Now suppose we have some type of data attached to each point in our space, together with a given parallel transport for this type of data. Pick any point x in our space. If we have a path that starts and ends at x (i.e. a loop), parallel transport around it will translate data at x into data at x, but this process might properly change the data! For instance, it might rotate the entire data set. However, if our parallel transport is flat and if we can shrink the loop to a point, then the transport around this loop does nothing to the data. If we cannot shrink the loop to a point—i.e. if there is a hole inside it—transporting around the loop might still produce a non-trivial transformation of our data. The crucial insight is that going around a loop using a flat parallel transport can result in a non-trivial transformation only if there is a hole somewhere inside our loop! In that way, flat parallel transports allow us to test whether a given loop contains a hole.

Aharonov and Bohm’s sketch from their original paper of their experiment to demonstrate the interaction of electrons with the electromagnetic potential

A great example of this concept, which revolutionised the world of physics in 1959, is the Aharonov-Bohm effect: here, very roughly speaking, we take the two-dimensional plane with a hole somewhere. Inside the hole, and only there, we generate a magnetic field perpendicular to the plane. An electron passing along any loop which encloses the hole feels a measurable effect by the magnetic field, even though it never passes through a region where the magnetic field itself is actually non-zero!

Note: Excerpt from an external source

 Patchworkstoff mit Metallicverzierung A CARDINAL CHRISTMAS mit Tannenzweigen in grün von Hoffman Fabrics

An important question I address in my research is how to extend the idea of parallel transport to higher-dimensional objects so that we can use tools from Geometry to study higher-dimensional phenomena in Topology. Parallel transport around loops as above has only limited power: for instance, each loop on the two-dimensional sphere can be shrunk to a point, even though the sphere has a hole (it is hollow!). So one-dimensional loops are unable to detect this hole. Rather, we would need to be able to also transport data along two-dimensional surfaces to detect the hole inside the sphere. Conceptually, this has striking resemblance with certain aspects of string theory, and this has been helpful in the development of two-dimensional parallel transport in the past.

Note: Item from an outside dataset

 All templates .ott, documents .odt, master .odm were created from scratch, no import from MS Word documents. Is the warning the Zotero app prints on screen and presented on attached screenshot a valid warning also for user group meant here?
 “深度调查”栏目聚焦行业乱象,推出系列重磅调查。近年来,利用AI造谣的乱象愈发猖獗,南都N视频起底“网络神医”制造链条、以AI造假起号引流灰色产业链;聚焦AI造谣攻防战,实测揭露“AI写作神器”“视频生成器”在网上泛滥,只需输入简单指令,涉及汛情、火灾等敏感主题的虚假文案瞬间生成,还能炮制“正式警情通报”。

Developing even higher-dimensional cases requires bringing together recent technology from several branches of mathematics such as homotopy and higher category theory, field theory and deformation theory. Fully understood, higher-dimensional parallel transport will not only help us study the topology of spaces at a conceptual level. It also has direct applications in physics, such as to topological phases of matter, and I have recently met colleagues here in Oxford who already apply two-dimensional parallel transport to improve machine learning. In short, developing higher-dimensional parallel transport requires linking several branches of mathematics, but will help advance several branches of science. That, to me, is one of the main fascinations of this topic.